The early chapters of your life story are written. You might thank your parents and family before they leave today for their help with that. But continuing to write the new chapters requires courage. It is easy to be who others want us to be. It is hard to be the author of one’s own self. It is harder still when you realize that all the delights and disappointments of your next chapters will be determined by you and how you engage with the people and the opportunities that surround you.
And you will fail—at least I hope you will. I also hope I’m not the first one to tell you that. You will fail—in some way, large or small. And that’s OK. Really, it’s more than OK. Because when you fail, you will know that you stretched yourself, that you took a risk and tried something that perhaps gave you pause or made you fearful. But if you’re really trying and paying attention, you will learn from failure. That is the heart of education. Education is not a mere transmittal of knowledge from one mind to another. It is a process of growth, change, and development.
Thomas Merton wrote in his autobiography, The Seven Story Mountain: “The logic of worldly success rests on a fallacy: the strange error that our perfection depends on the thoughts and opinions and applause of other men! A weird life it is, indeed, to be living always in somebody else’s imagination, as if that were the only place in which one could at last become real!”
I hope that, here at Transylvania, you learn to rely on your own imagination, that you learn to consider the comments and opinions of others without letting them determine your value. Look to your bountiful imagination to color your own inner landscape. Imagine a future full of curiosity and fearlessness and joy. Don’t meekly follow the well-trodden path, but boldly forge your own.
As your confidence builds, you will begin to see clearly the person you want to be, the goals you want to pursue, and the moral convictions you will need to achieve them. Then you will be prepared to face all the grief and wonder, happiness and heartbreak, awe and mystery that will come your way, with grace, and strength, and poise, and love.
In short, this is your time to learn new things, to put into practice the knowledge you acquire, to dream with other like-minded individuals, to recognize not only what the world is but what it might become. Today Transylvania becomes your community of scholars and learners. Together we will read and comment on, study and write about the great books of world civilization. Together we will confront contemporary scientific theories and philosophies and the technology that shapes our daily lives and frames our future. Together we will go into the world and practice what we have learned—helping those in need, managing the affairs of commerce and finance, pioneering new breakthroughs, challenging conventional wisdom. Mark Twain wrote, “The two most important days in your life are the day you are born and the day you find out why.” Today you begin the long journey toward finding out why.

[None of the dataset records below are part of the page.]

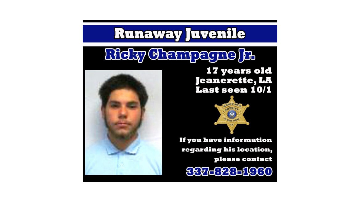 The St. Mary Parish Sheriff’s Office is seeking information on a runaway juvenile. 17-year-old Ricky Champagne of Jeanerette was last seen on Saturday, October 1, 2023.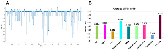 We compared the nucleotide diversity π (Pi) in eight different groups grouped by country or plant host (Figure 7A). Compared to 305 SMV CP sequences defined by ‘all’ (Pi = 0.063), the Pi values in most groups were less than 0.063, except for China (Pi = 0.089) and the Pineallia species (Pi = 0.067). Among the four countries, nucleotide diversity was highest in China and lowest in Iran (Pi = 0.004). Similarly, the nucleotide diversity of the Pinellia species (Pi = 0.067) was the highest, whereas that of the Passiflora species (Pi = 0.013) was the lowest.
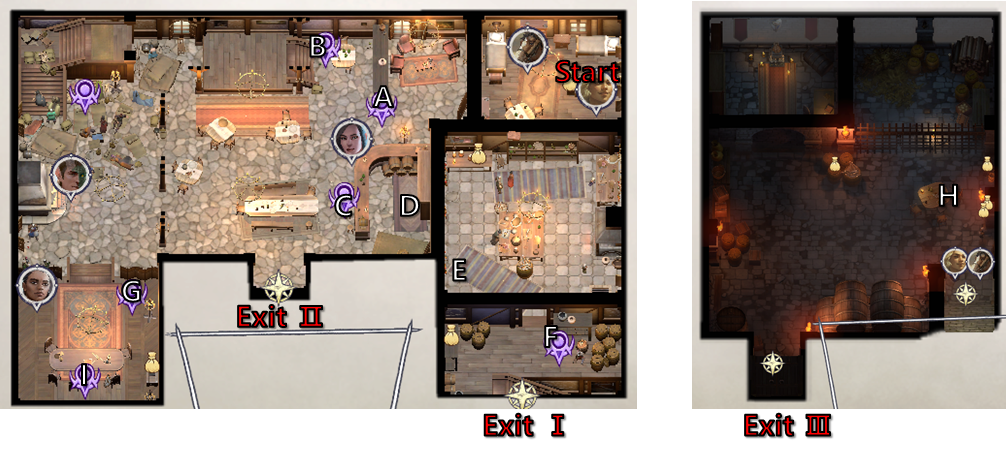 - [지역 D] : 바텐더인 제밀 호크스(Gemyl Hawkes)와 대화하자. 가볼만한 곳이 있는지 물어보면 Pitaxian Wine Cellar를 알려준다. 그리고 그와 거래하여 아이템을 정비하자. Spicy Pastry 조리법과 몇가지 좋은 장비도 판다.
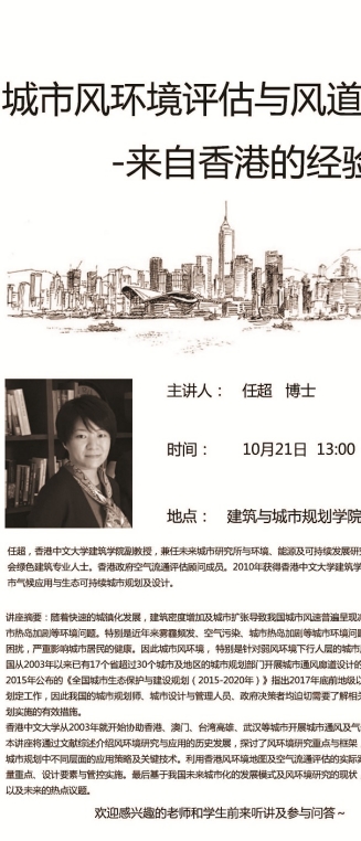 【10月21日 学术讲座】城市风环境评估与风道规划——来自香港的经验

And how fortunate you are to undertake that journey amid a supportive community of fellow travelers. Together we will peek behind the curtain of the world as we found it and see new possibilities. We will discover what is good and what can be made better. Together we will try the patience of the self-satisfied. Together, through reflection, we will learn from each other.
So, finally, I welcome you to your university; I welcome you to your community of scholars and learners; I welcome you to your home away from home. And I urge you to imagine a new future for yourself and for us all.
Thank you for bringing your experiences, your insights, and your hope to Transylvania.